La via tedesca al discernimento e la prudenza di S.Tommaso
Come rileva La Nuova Bussola quotidiana il Sinodo, alla fine, si gioca su di un problema di coscienza. In ballo c’è il rapporto tra coscienza e legge morale. E il nodo potrebbe non essere sciolto nella Relatio finale.
La questione è tutta nelle relatio del circolo Germanicus, specialmente nella seconda relatio, laddove si fa riferimento al principio di prudenza (epikeia) di S.Tommaso d’Aquino, quello stesso principio che già il cardinale Kasper aveva richiamato nella famosa relazione al concistoro 2014. E a cui si riferisce espressamente il cardinale Schonborn in questa intervista rilasciata al portale Vatican Insider. (vedi QUI)
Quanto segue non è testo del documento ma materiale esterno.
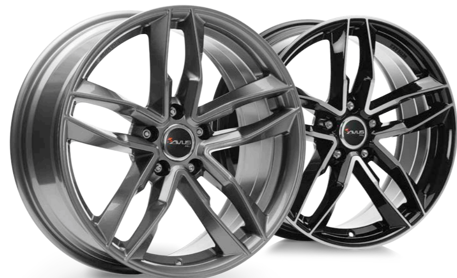
MATT ANTHRACITE POLISHED
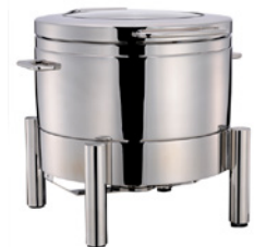
Buffet Soup Server Glass lid, on stand
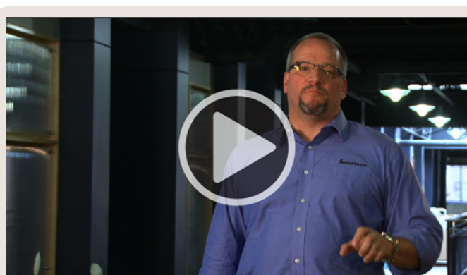
Understanding Device Ruggedness

Because downtime is so expensive, there is clear value to keeping these devices functional. Ruggedness is a requirement, not an option, when working extensively outside office and home environments. In the real world, mobile phones will be dropped onto concrete, and they will be rained on. That doesn't mean the phone will stop working. There are product features that protect phones – and preserve productivity – in very challenging environments. The following sections explain how specific features and product characteristics impact reliability in non-office environments.
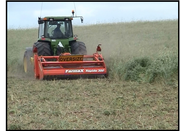
Green Manuring with the Farmax Spader
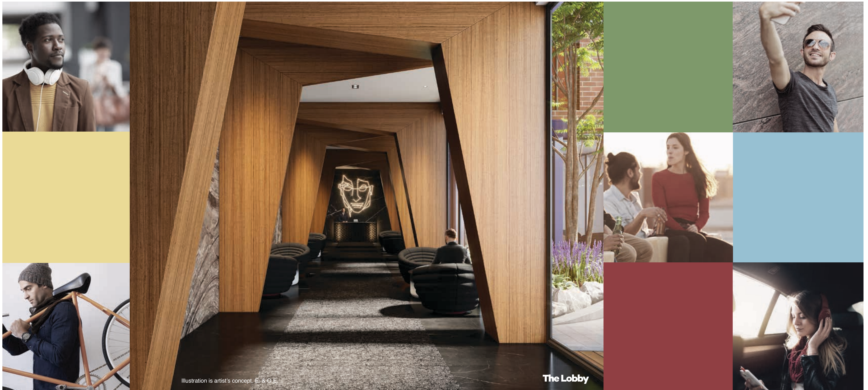
Illustration is artist's concept. E. & O.E.

Upon entering JAC, you're greeted by a friendly concierge who is ready to help. The lobby is complete with stunning interior architecture that defines the entry passage. It features various places to sit and enjoy the view of the Outdoor Courtyard. Make your way to the Fireside Lounge, a casual gathering place overlooking the Courtyard. It's the perfect place to wait for your Uber... or pickup your Amazon package.
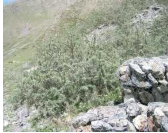
Site 4. Sea-buckthorn shrubbery ( Hippopha rhamnoides )
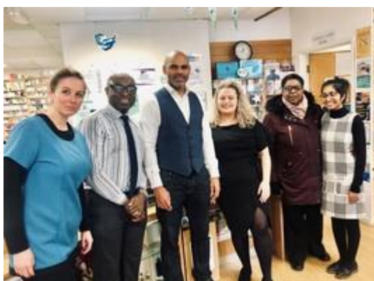
Bedminster HLP team share their experience how community pharmacy can make this a reality

As a Healthy Living Pharmacy, the Bedminster Pharmacy team know that we have a crucial role to play supporting the health and wellbeing of our patients by working proactively with other health, social and
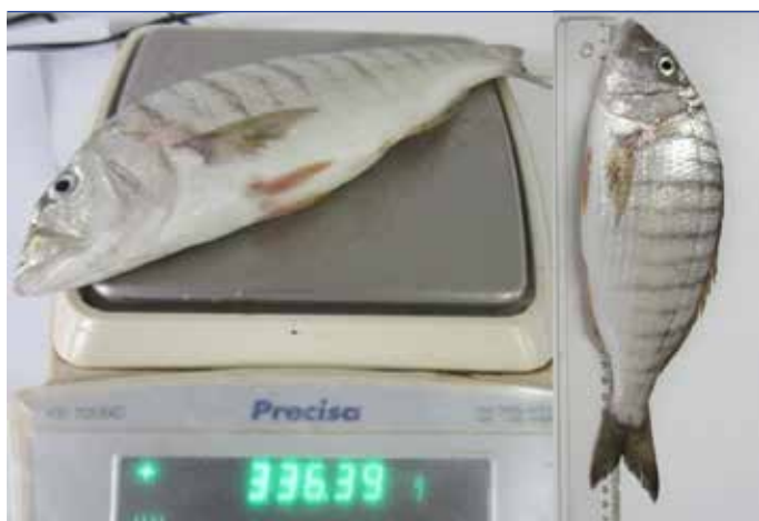
Figure 2. L. mormyrus sampled from Black Sea Region
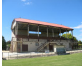
Central Park Stawell
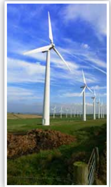
Are there opportunities for jobs because of climate change?
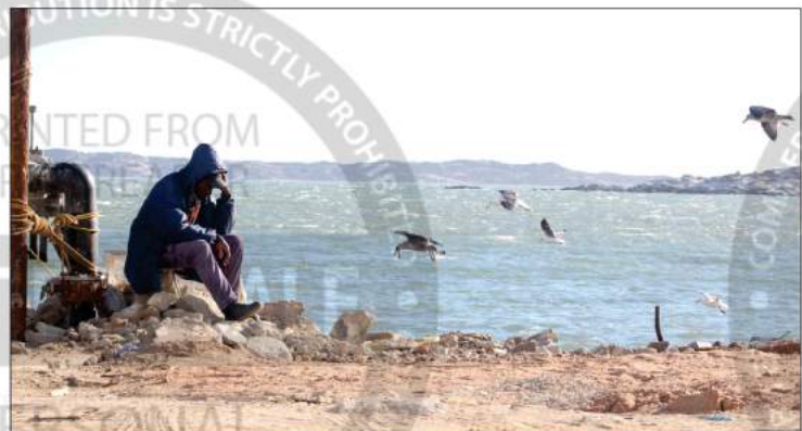
Safeguard... The Atlantic Ocean on the Namibian coast.

According to Kuugongelwa-Amadhila, the conference affords coastal towns the opportunity to leverage the value of partnerships and interconnectedness
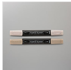
Crumb Cake Stampin' Blends Combo Pack - 154882
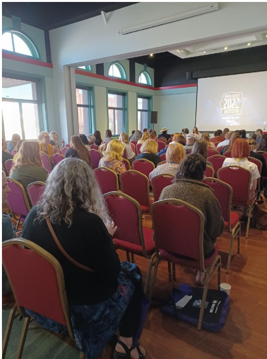
TAM Attendees getting ready for a presentation.

Overall, it was a great couple of days with a perfect combination of learning and fun. We were happy to welcome in our fellow museum professionals to our wonderful city!
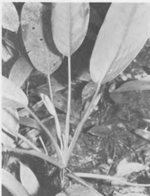
Fig. 9. Aglaonema marantifolium Blume. Papua New Guinea: Morobe: Busu River Valley, Croat 52844.
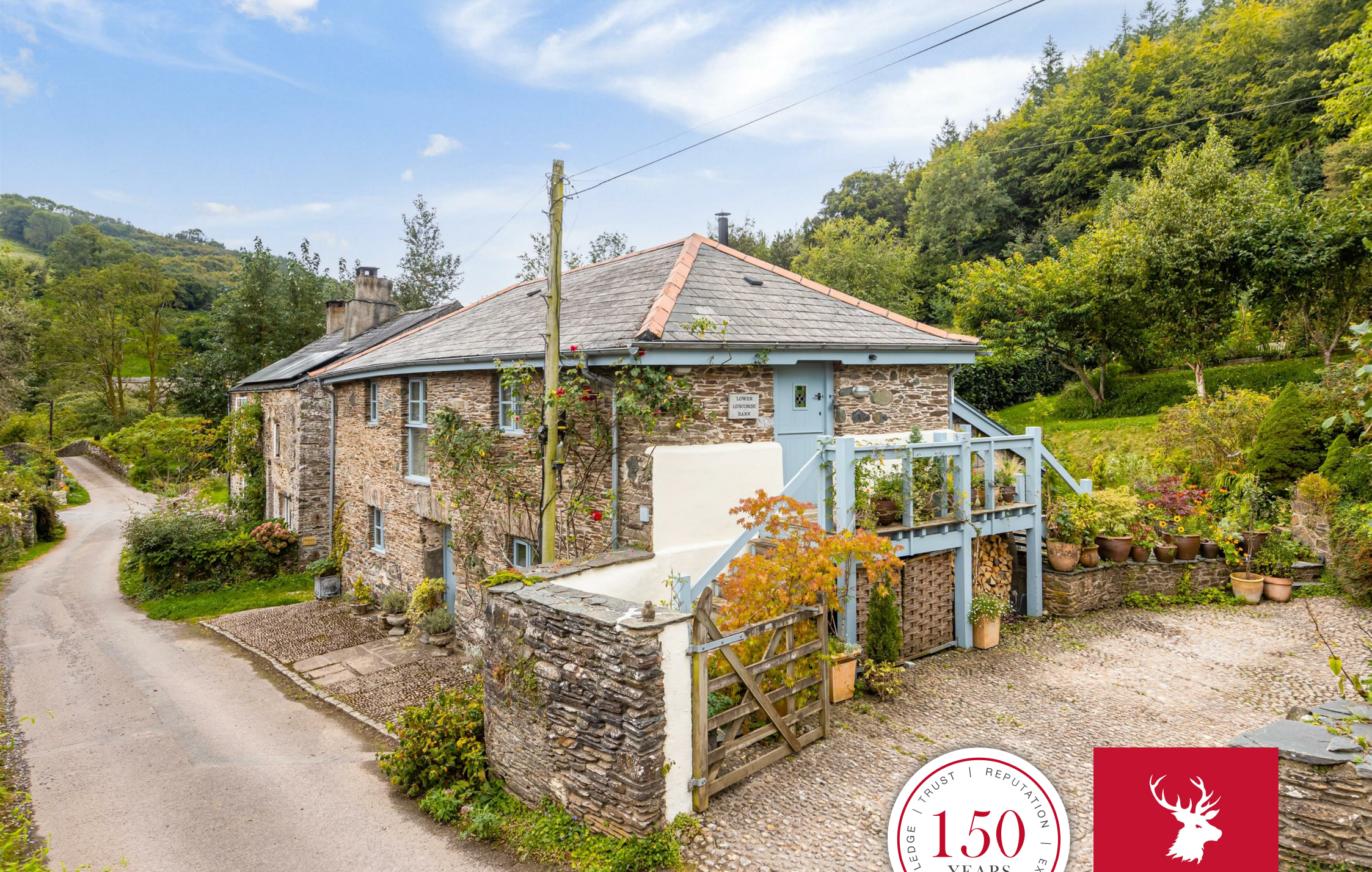
Lower Luscombe Barn
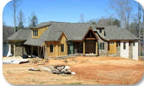
Lot 12 Yardarm Ct
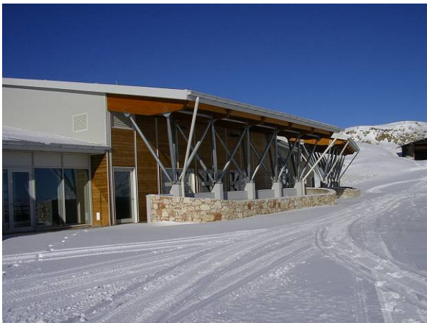
View from south-east
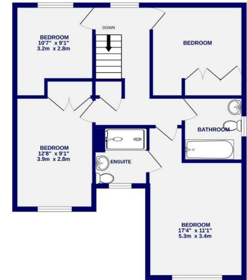
1ST FLOOR 685 sq.ft. (63.7 sq.m.) approx.
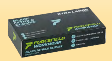
Forcefield Milking gloves Buy 2 For €25
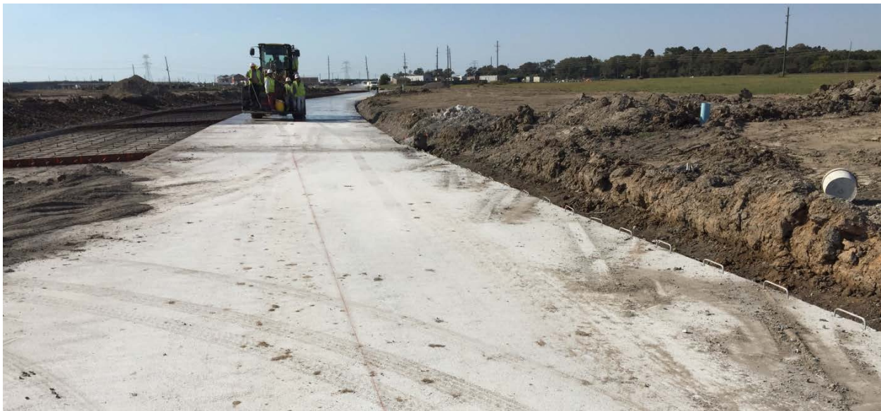
Image 16 - Equipment operating on pavement with inadequate cure time.
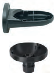
Plastic bracket, adaptor for tube mounting (accessories)
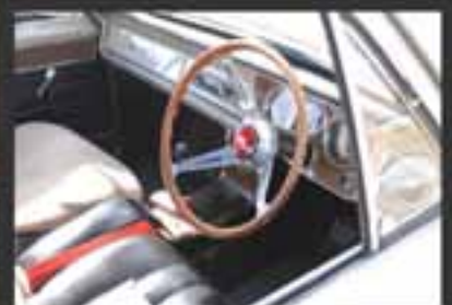
Dyno Dave at a fun Day
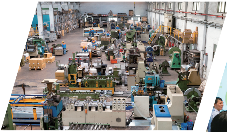
生產線 Production line
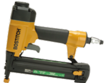
Pneumatic Stapler / Bradder
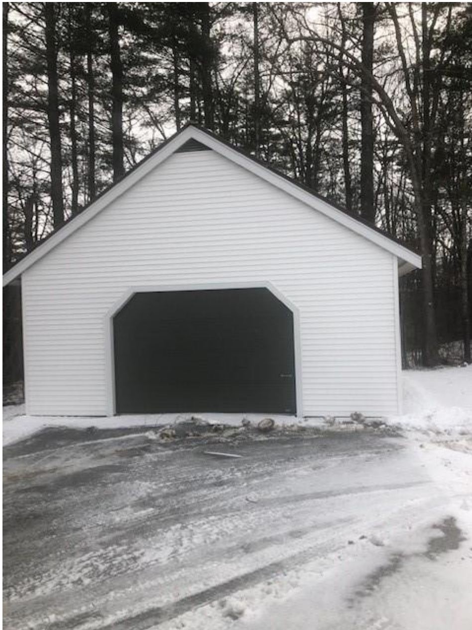
Exhibit F: Example of white vinyl siding to match. There is a small amount of this type of white siding available to the contractor.
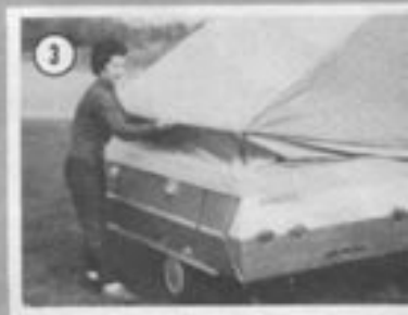
Pull hip bow down to trailer folding tent under.
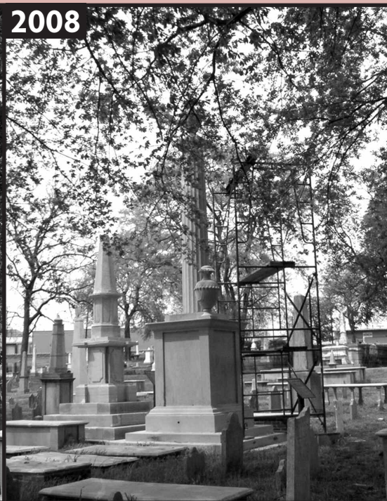
As one of the monuments currently under restoration, plans include replication of the three missing urns.
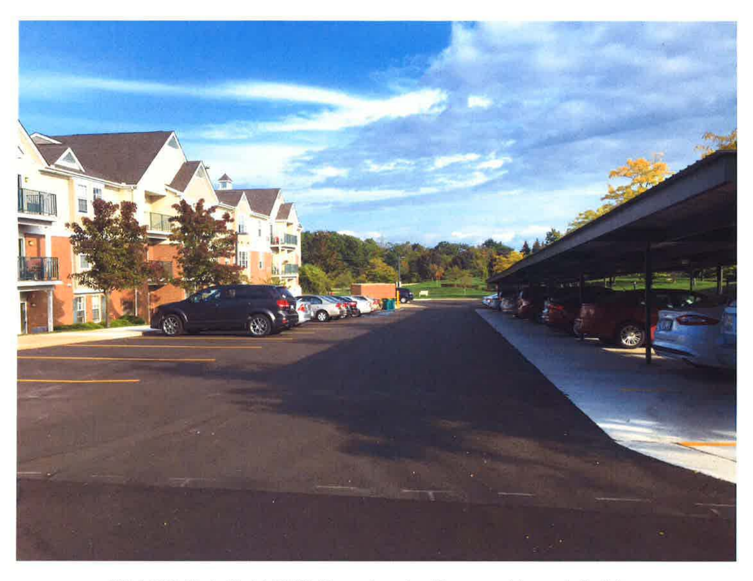
New asphalt, curb, concrete car port pads at the rear of the main building.
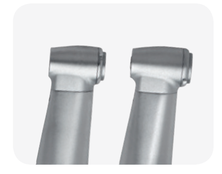
Customised production Different head sizes for optimal access options.
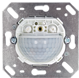
Indoor 180-R-11-48V-RR covering not included Art.No: 92667

To receive the bundle according to the technical specification, please order the items listed.
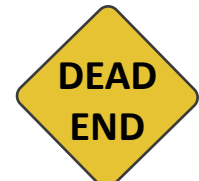
16. Dead end (callejón sin salida)
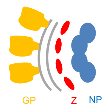
Figure 3. Model showing how the arenavirus structural proteins GP-C, Z and NP are arranged in virions. The viral envelope is shown in grey.

The Nucleoprotein (Mr 60-68kDA) is the most abundant viral polypeptide both in infected cells and in virions (about 1530 NP molecules per virion particle). The NP is the main structural element of the viral nucleocapsid and associates with the genome RNA to form beadlike structures . The phosphorylated forms of the NP are usually detected at late stages of acute infection, and their abundance increases in persistently infected cells; however, the functional implications of these changes in the stage of NP phosphorylation have not been established (6). The location of GP, NP and Z in the virion is described in Figure 3.
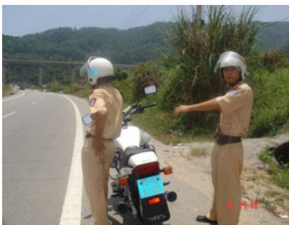
Northern Hai Van Pass check-point police on duty

Il testo della Relatio è in verità piuttosto generico, ma non si fa fatica a capire dove possa (o voglia) arrivare, soprattutto se si richiama alla mente che già dopo la pubblicazione dell’Enciclica Familiaris Consortio del 1981, come anche della Lettera ai Vescovi della Chiesa cattolica circa la recezione della Comunione Eucaristia da parte di fedeli divorziati risposati del 1994, da più parti si invocò il principio di epicheia per “bypassare” il divieto ivi presente, appoggiandosi sul fatto che i casi particolari non possono essere semplicemente dedotti da leggi universali.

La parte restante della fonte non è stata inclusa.